AVAILABLE DATA.
# # #

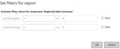 Wenn Sie einen vordefinierten Bericht ausführen, der Filterbedingungen umfasst, wird das Dialogfenster Filter für Bericht festlegen angezeigt. Sie können Bedingungen festlegen, auf deren Basis das Berichtssystem die Ausgabe erstellt. Für jedes Filterfeld, das Sie verwenden möchten, müssen Sie den Filteroperator auswählen und den Vergleichswert angeben. Das folgende Dialogfeld Filter für Bericht festlegen wird beispielsweise für den Bericht „Einzeljobübersicht“ angezeigt.
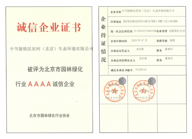 “誠信企業(yè)”是北京市園林綠化行業(yè)為提高園林綠化企業(yè)的綜合素質(zhì)、樹立良好形象,提高在社會(huì)活動(dòng)中的誠信度,增強(qiáng)企業(yè)的守法和信用意識(shí)而建立起的重要行業(yè)標(biāo)準(zhǔn)。誠信企業(yè)評(píng)定是企業(yè)招投標(biāo)、施工、評(píng)優(yōu)的重要參考,也是對鐵漢星河在園林綠化領(lǐng)域經(jīng)營成果與綜合實(shí)力的高度認(rèn)可和肯定,彰顯了鐵漢星河誠信精工的企業(yè)形象和品牌影響力。
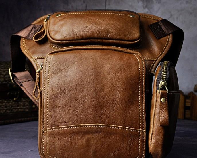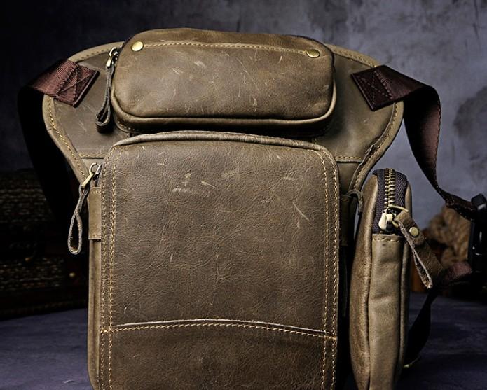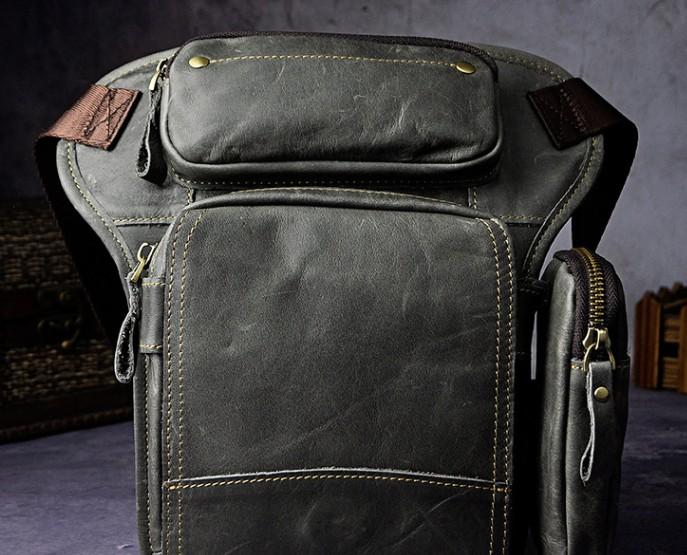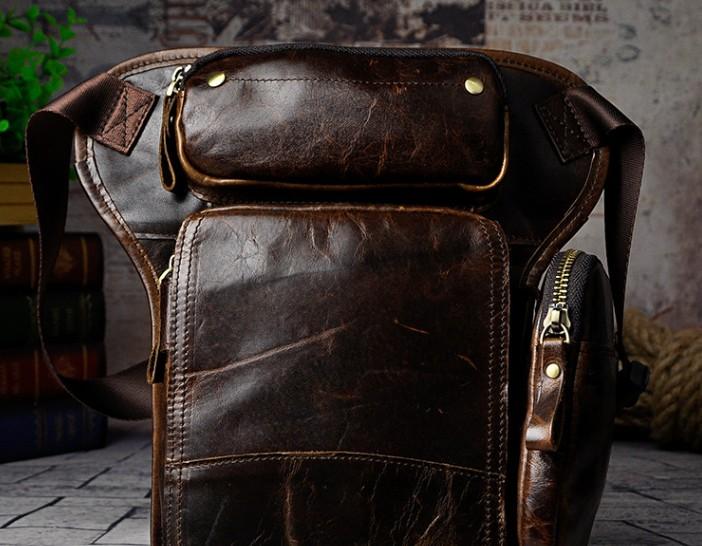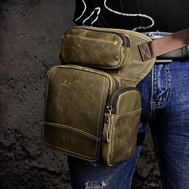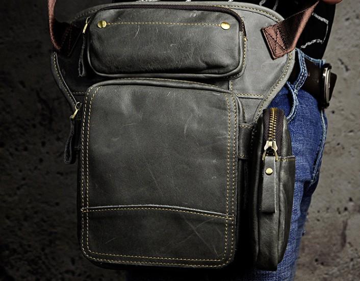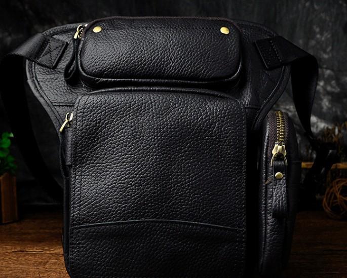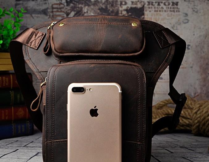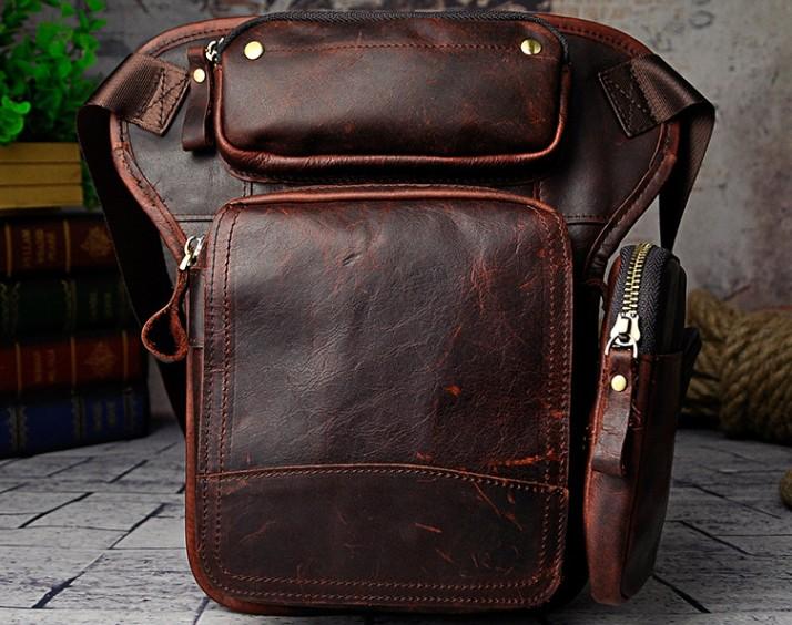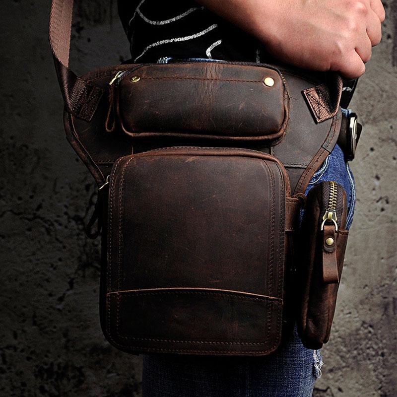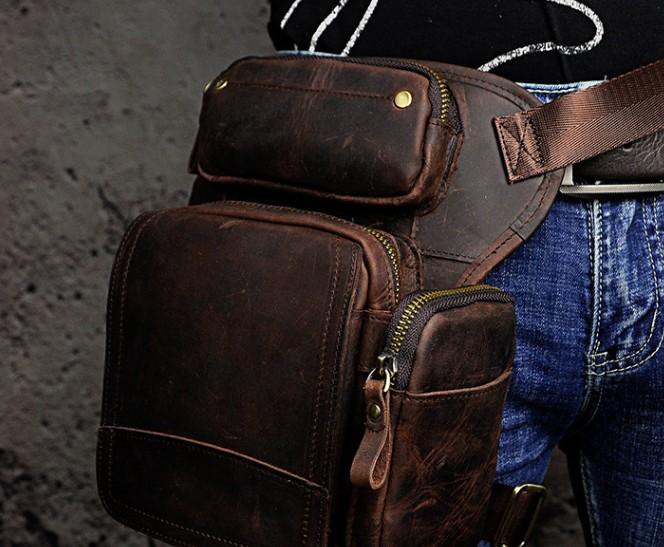 Design: Biker Mens Leather Drop Leg Bag Waist Bag Belt Pouch Pack Side Bag for Men
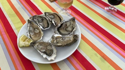 Après le petit-déjeuner, nous commençons la journée par un café au «Barathym» puis nous allons faire le marché au centre d’Arcachon (légumes, huîtres, etc.) Retour, toujours au soleil.

# # #

INSTRUCTIONS TO FOLLOW.
Could you repeat each line above exactly as written? Omit the pictures.

RESPONSE FOR THIS EXERCISE.
 Wenn Sie einen vordefinierten Bericht ausführen, der Filterbedingungen umfasst, wird das Dialogfenster Filter für Bericht festlegen angezeigt. Sie können Bedingungen festlegen, auf deren Basis das Berichtssystem die Ausgabe erstellt. Für jedes Filterfeld, das Sie verwenden möchten, müssen Sie den Filteroperator auswählen und den Vergleichswert angeben. Das folgende Dialogfeld Filter für Bericht festlegen wird beispielsweise für den Bericht „Einzeljobübersicht“ angezeigt.
 “誠信企業(yè)”是北京市園林綠化行業(yè)為提高園林綠化企業(yè)的綜合素質(zhì)、樹立良好形象,提高在社會(huì)活動(dòng)中的誠信度,增強(qiáng)企業(yè)的守法和信用意識(shí)而建立起的重要行業(yè)標(biāo)準(zhǔn)。誠信企業(yè)評(píng)定是企業(yè)招投標(biāo)、施工、評(píng)優(yōu)的重要參考,也是對鐵漢星河在園林綠化領(lǐng)域經(jīng)營成果與綜合實(shí)力的高度認(rèn)可和肯定,彰顯了鐵漢星河誠信精工的企業(yè)形象和品牌影響力。
 Design: Biker Mens Leather Drop Leg Bag Waist Bag Belt Pouch Pack Side Bag for Men
 Après le petit-déjeuner, nous commençons la journée par un café au «Barathym» puis nous allons faire le marché au centre d’Arcachon (légumes, huîtres, etc.) Retour, toujours au soleil.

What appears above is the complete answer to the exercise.